Despite the physical connections, organisations continue to struggle with fully engaging and inspiring their people. One way to combat
this is by integrating new technologies that expand sensory touch points: biometrics use vision, haptic interfaces apply touch and the introduction of food in contemporary workplaces calls on our sense
of smell. All illustrate a multi- sensory approach to enhanced engagement that we must call on as buildings grow taller.

This shift that has occurred in our thinking about where work happens and the blurring of activities should serve as a reminder of the importance of considering consequence and evolution as towers expand. CBDs are filled with office buildings that no longer support our work or living patterns.
This will be even more prevalent as the physical combines
with digital space, offering new types of experiences that people will grow to expect in their work lives.

Alexandra Sinickas research leader, Australasia ARUP

Alex Sinickas

With increasing urbanisation, we expect to see cities grow out, and up. It’s easy to be concerned that more tall buildings will create windy, sunless, echoey, soulless tunnels.

But as we pack more people into cities, I think we have the opportunity to redefine how we think about tall buildings and their role in the block, precinct and city. Diverse communities packed tightly together stimulate creativity in art, music, food, theatre, design, engineering, technology and business.

My favourite question when thinking about the influence of
tall buildings on their tenants and community is this: given we will see more families living in tall buildings, and 60 percent of all urban dwellers will be under the age of 18 by 2030, how might we design that building, and its precinct to be vibrant, safe and clean for kids?

Last year, our Foresight and
City Planning teams looked at case studies where developers, investors, governments and designers took child-centred approaches to precincts and cities.
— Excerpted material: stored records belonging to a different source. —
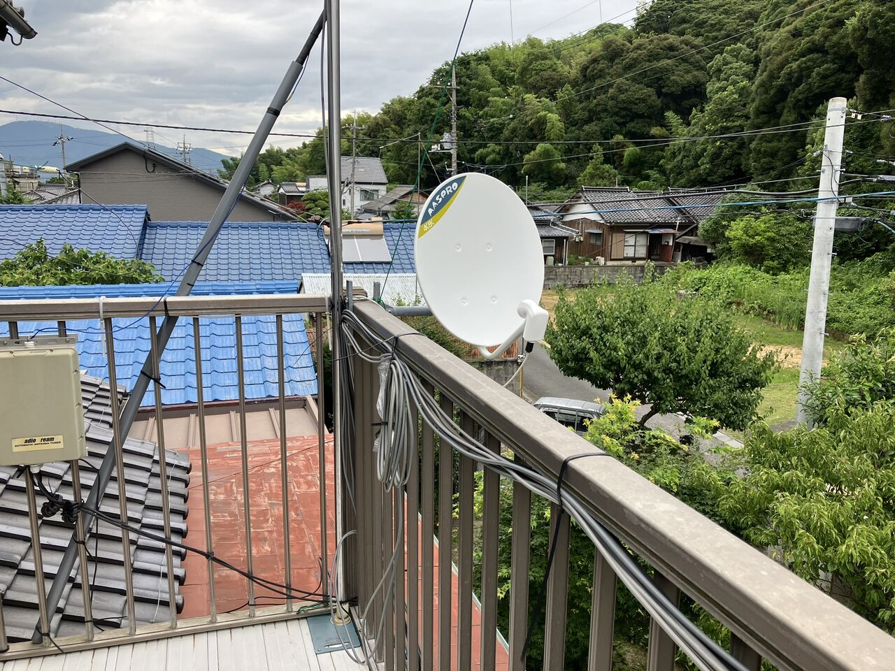 このBSアンテナは2016年に向島に帰って来た時に設置したので8年経っています。そろそろ寿命かなという事で交換する事にしました。
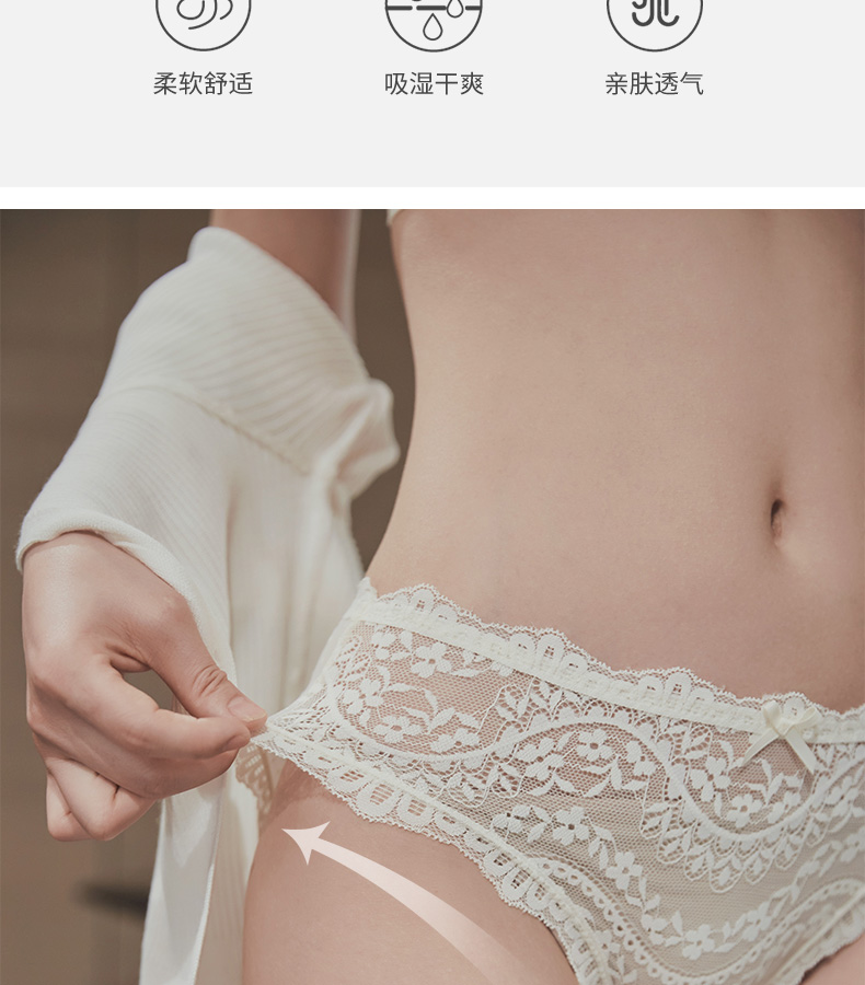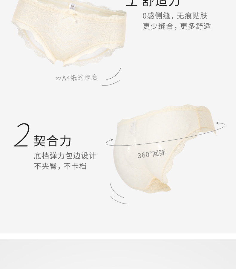 【三條裝】內褲女士蕾絲邊純棉全棉襠簡約無痕夏季薄款中腰三角褲
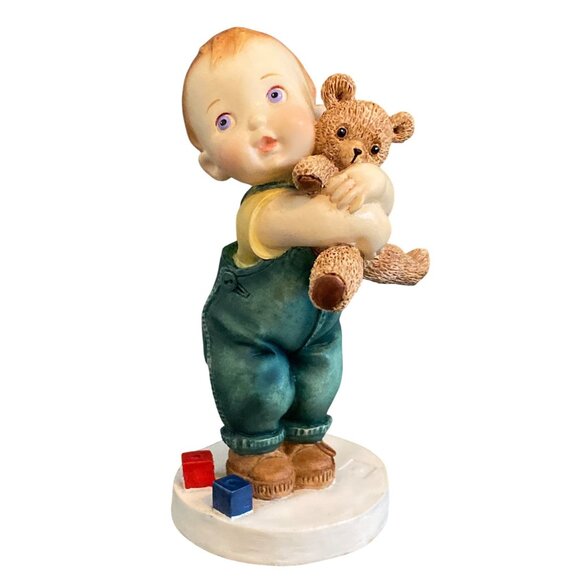 A charming 1998 Jeremy Boy figurine by Country Artists, featuring a "Hug Me Tight" teddy bear. Perfect for collectors and fans of vintage decor.
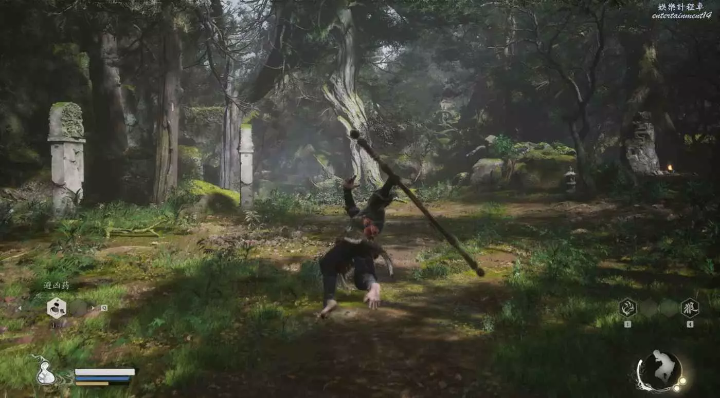 接下來就是非常無腦的左鍵平a直至最後一招跳斬,定身法緩精力條,變狼保命,甚至也用不到變狼。
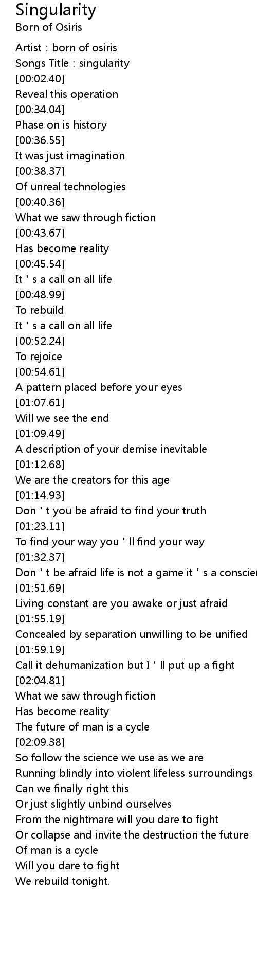 | [00:00.90] | Artist: born of osiris |
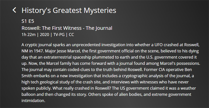 12月12日起,英国《历史频道》三集系列节目《罗斯威尔:第一证人》开播。在该节目中,杰西·马塞尔少校--也就是1947年调查罗斯威尔残骸的情报部门负责人--的私人日记首次公开,日记称在现场收集的金属残骸是“不可摧毁的碎片,不是由人类制造”。
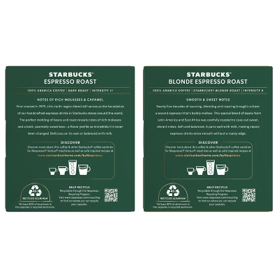 Enjoy the authentic café taste of Starbucks coffee at home like never before on Nespresso Vertuo Machines. Made with the premium quality Starbucks coffee that you know and love, Starbucks capsules are developed with Nespresso to work perfectly with the Nespresso Vertuo system and are fully recyclable through the Nespresso recycling program. Starbucks Espresso Roast has notes of rich molasses and caramel, while Starbucks Blonde Espresso Roast features smooth and sweet notes. Both are perfect for making oh-so-delicious espresso drinks. Each precision-brewed Starbucks coffee is made with 100% arabica coffee beans. Authentically delicious perfection is just a cup away. Nestlé uses Starbucks trademarks under license. NESPRESSO is a registered trademark of Société des Produits Nestlé S.A., Vevey, Switzerland. NET WT 2.39 OZ (68 g) each

I think it’s a fascinating project. They found that developments that are attractive
to children and families become highly desirable neighbourhoods
in which to live, work and grow up. It turns out that good design for children benefits all citizens in many areas – including health, resilience, improved economic performance and safety.

So how can we design for kids? Government leaders could engage the community to better understand what they want from their buildings. Developers and investors could look beyond
the development boundary and consider the benefits of the building as part of the fabric of society. Designers could work with tenants and community to create better-informed ideas.

To support this, we’ve
been working on creating sustainable buildings and precincts that make people
and their communities feel
good. Examples? We’ve been prototyping cross-laminated timber structures like the LifeCycle Tower, which absorb carbon dioxide and have calming biophilic effects on the people living and working in them.
 Our latest project, HAUT in Amsterdam, is a 73-metre high, 21-storey timber constructed tower. There is also Il Bosco Verticale in Milan and One Central Park in Sydney with
their magnificent densely green façades. I think if we focus on the tall building and its influence on people, we can take advantage of urbanisation to increase community connection and vibrancy of our cities.